▸ **Exercise**: Could you retype the lines below, starting at the line holding "Шаблон (№10330) для" and stopping at the line holding "cargo nextest makes", inclusive? Copy them exactly and drop the images.

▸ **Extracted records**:
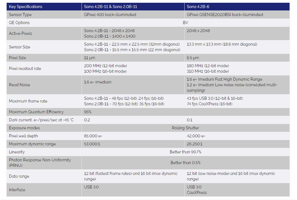 Sona 是 Andor 新的高性能 sCMOS 相机系列,专门用于生命科学成像应用。新的 Sona 4.2B-6 型号提供灵敏度、速度和分辨率的平衡,可在许多应用中实现高成像性能。具有 6.5 µm 像素的 4.2 兆像素格式非常适合广泛使用的 40 倍和 60 倍放大倍率。旗舰型号 Sona 4.2B-11 是灵敏度和视野的解决方案,提供32 毫米视野。所有 Sona 型号均采用新的背照式 sCMOS 技术,具有 95% 的量子效率 (QE)。两种型号均支持 SRRF-Stream+ 实时超分辨率技术。
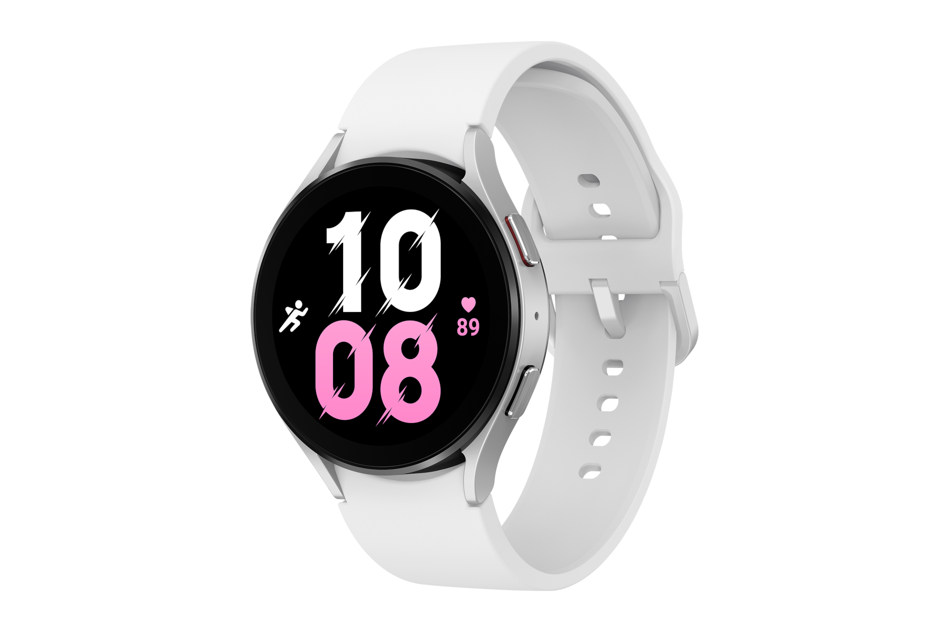 Četiri Galaxy Watch5 uređaja postavljena jedan preko drugog u četiri različite boje i različitih interaktivnih interfejsa (grafitni pokazuje sastav tela na licu sata, ružičasto-zlatni pokazuje vreme 10:08, srebrni pokazuje rezultat spavanja i vreme kao 8h 30m i safirno plavi pokazuje vreme kao peticu ispisanu u gradijentu od plave do bele). Svaki sat ima kaiš drugačije boje, od kompozitno sive do ikonske zlatne, lavande i nove plave.
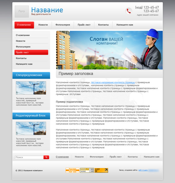 Шаблон (№10330) для сайта тематики "Строительство зданий и сооружений". Номер шаблона 10330. Обратитесь за подробностями к нашим специалистам.
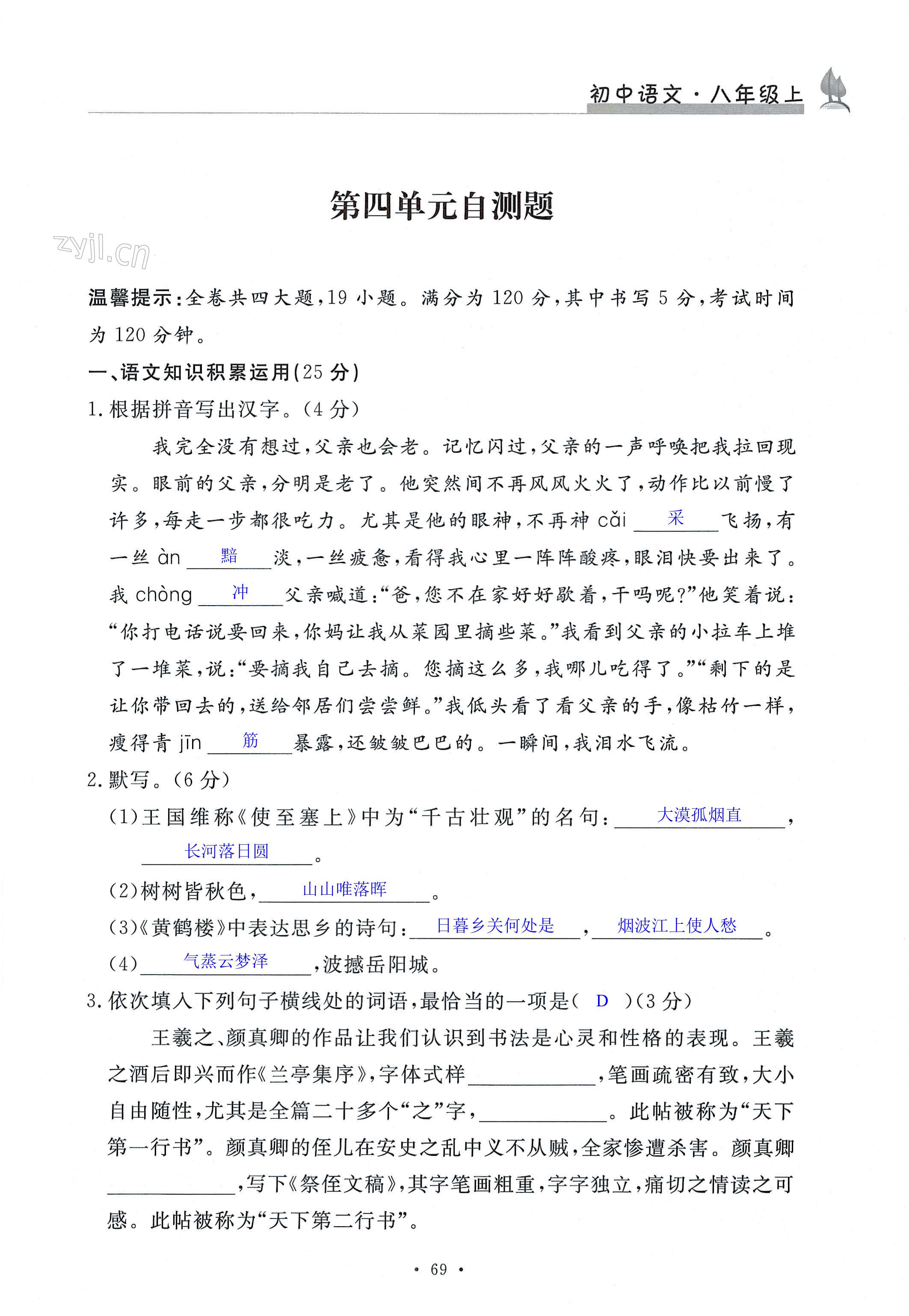 注:目前有些书本章节名称可能整理的还不是很完善,但都是按照顺序排列的,请同学们按照顺序仔细查找。练习册 2022年课时精练八年级语文上册人教版 答案主要是用来给同学们做完题方便对答案用的,请勿直接抄袭。
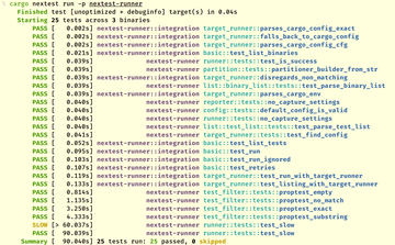 cargo nextest makes testing as fast as lightning and provides finer statistics and elegant views. Many projects in the Rust community have greatly improved test pipeline time by introducing cargo nextest.
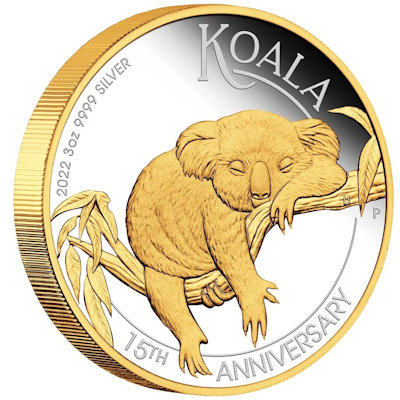 Australien - 3 AUD 15 Jahre Koala 2022 - 3 Oz Silber Gilded | ||
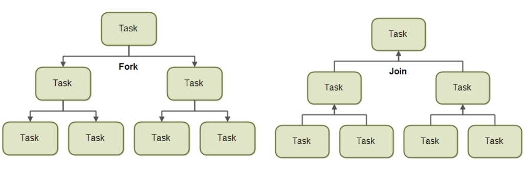 즉, 분할 정복(Divide and Conquer) 알고리즘과 흡사하며, Fork를 통해 Task를 분담하고 Join을 통해 결과를 합친다.

▸ **Finished exercise**:
 Шаблон (№10330) для сайта тематики "Строительство зданий и сооружений". Номер шаблона 10330. Обратитесь за подробностями к нашим специалистам.
 注:目前有些书本章节名称可能整理的还不是很完善,但都是按照顺序排列的,请同学们按照顺序仔细查找。练习册 2022年课时精练八年级语文上册人教版 答案主要是用来给同学们做完题方便对答案用的,请勿直接抄袭。
 cargo nextest makes testing as fast as lightning and provides finer statistics and elegant views. Many projects in the Rust community have greatly improved test pipeline time by introducing cargo nextest.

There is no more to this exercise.